**Task item:** Could you return all of the data exactly as given?
*** Opening Data records ***
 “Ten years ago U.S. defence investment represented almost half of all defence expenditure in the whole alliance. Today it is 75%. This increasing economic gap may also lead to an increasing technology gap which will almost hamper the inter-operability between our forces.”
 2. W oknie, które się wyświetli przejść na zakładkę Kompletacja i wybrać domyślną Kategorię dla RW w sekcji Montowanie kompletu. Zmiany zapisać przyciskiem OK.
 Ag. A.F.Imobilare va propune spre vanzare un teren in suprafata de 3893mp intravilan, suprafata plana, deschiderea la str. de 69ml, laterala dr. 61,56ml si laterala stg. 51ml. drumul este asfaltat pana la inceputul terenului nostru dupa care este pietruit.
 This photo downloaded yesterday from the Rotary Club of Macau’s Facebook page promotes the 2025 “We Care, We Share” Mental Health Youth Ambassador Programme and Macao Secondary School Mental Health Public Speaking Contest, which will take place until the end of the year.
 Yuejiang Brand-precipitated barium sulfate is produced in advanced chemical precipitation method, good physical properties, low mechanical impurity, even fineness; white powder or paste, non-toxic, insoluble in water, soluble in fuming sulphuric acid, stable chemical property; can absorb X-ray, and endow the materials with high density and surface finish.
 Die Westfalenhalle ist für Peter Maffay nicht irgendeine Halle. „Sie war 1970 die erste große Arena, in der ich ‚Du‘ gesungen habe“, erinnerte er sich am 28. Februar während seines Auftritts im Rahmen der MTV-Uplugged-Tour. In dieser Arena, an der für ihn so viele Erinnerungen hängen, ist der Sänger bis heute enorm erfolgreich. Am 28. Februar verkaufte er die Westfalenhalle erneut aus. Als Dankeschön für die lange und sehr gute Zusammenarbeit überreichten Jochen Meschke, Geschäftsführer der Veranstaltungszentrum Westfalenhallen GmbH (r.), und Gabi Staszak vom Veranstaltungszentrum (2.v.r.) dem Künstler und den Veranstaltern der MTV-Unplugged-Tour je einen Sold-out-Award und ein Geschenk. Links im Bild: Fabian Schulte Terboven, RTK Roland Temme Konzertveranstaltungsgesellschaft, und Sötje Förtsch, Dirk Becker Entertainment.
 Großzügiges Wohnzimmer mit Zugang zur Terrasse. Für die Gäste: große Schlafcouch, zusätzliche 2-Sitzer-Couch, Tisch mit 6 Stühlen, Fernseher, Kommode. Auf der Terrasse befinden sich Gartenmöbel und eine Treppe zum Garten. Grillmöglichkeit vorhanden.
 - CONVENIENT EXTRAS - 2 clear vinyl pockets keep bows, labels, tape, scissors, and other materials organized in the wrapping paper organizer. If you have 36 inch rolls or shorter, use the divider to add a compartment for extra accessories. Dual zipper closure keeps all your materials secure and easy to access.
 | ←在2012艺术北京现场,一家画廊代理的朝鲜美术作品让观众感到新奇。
*** Closing Data records ***
**Exercise response:**
 “Ten years ago U.S. defence investment represented almost half of all defence expenditure in the whole alliance. Today it is 75%. This increasing economic gap may also lead to an increasing technology gap which will almost hamper the inter-operability between our forces.”
 2. W oknie, które się wyświetli przejść na zakładkę Kompletacja i wybrać domyślną Kategorię dla RW w sekcji Montowanie kompletu. Zmiany zapisać przyciskiem OK.
 Ag. A.F.Imobilare va propune spre vanzare un teren in suprafata de 3893mp intravilan, suprafata plana, deschiderea la str. de 69ml, laterala dr. 61,56ml si laterala stg. 51ml. drumul este asfaltat pana la inceputul terenului nostru dupa care este pietruit.
 This photo downloaded yesterday from the Rotary Club of Macau’s Facebook page promotes the 2025 “We Care, We Share” Mental Health Youth Ambassador Programme and Macao Secondary School Mental Health Public Speaking Contest, which will take place until the end of the year.
 Yuejiang Brand-precipitated barium sulfate is produced in advanced chemical precipitation method, good physical properties, low mechanical impurity, even fineness; white powder or paste, non-toxic, insoluble in water, soluble in fuming sulphuric acid, stable chemical property; can absorb X-ray, and endow the materials with high density and surface finish.
 Die Westfalenhalle ist für Peter Maffay nicht irgendeine Halle. „Sie war 1970 die erste große Arena, in der ich ‚Du‘ gesungen habe“, erinnerte er sich am 28. Februar während seines Auftritts im Rahmen der MTV-Uplugged-Tour. In dieser Arena, an der für ihn so viele Erinnerungen hängen, ist der Sänger bis heute enorm erfolgreich. Am 28. Februar verkaufte er die Westfalenhalle erneut aus. Als Dankeschön für die lange und sehr gute Zusammenarbeit überreichten Jochen Meschke, Geschäftsführer der Veranstaltungszentrum Westfalenhallen GmbH (r.), und Gabi Staszak vom Veranstaltungszentrum (2.v.r.) dem Künstler und den Veranstaltern der MTV-Unplugged-Tour je einen Sold-out-Award und ein Geschenk. Links im Bild: Fabian Schulte Terboven, RTK Roland Temme Konzertveranstaltungsgesellschaft, und Sötje Förtsch, Dirk Becker Entertainment.
 Großzügiges Wohnzimmer mit Zugang zur Terrasse. Für die Gäste: große Schlafcouch, zusätzliche 2-Sitzer-Couch, Tisch mit 6 Stühlen, Fernseher, Kommode. Auf der Terrasse befinden sich Gartenmöbel und eine Treppe zum Garten. Grillmöglichkeit vorhanden.
 - CONVENIENT EXTRAS - 2 clear vinyl pockets keep bows, labels, tape, scissors, and other materials organized in the wrapping paper organizer. If you have 36 inch rolls or shorter, use the divider to add a compartment for extra accessories. Dual zipper closure keeps all your materials secure and easy to access.
 | ←在2012艺术北京现场,一家画廊代理的朝鲜美术作品让观众感到新奇。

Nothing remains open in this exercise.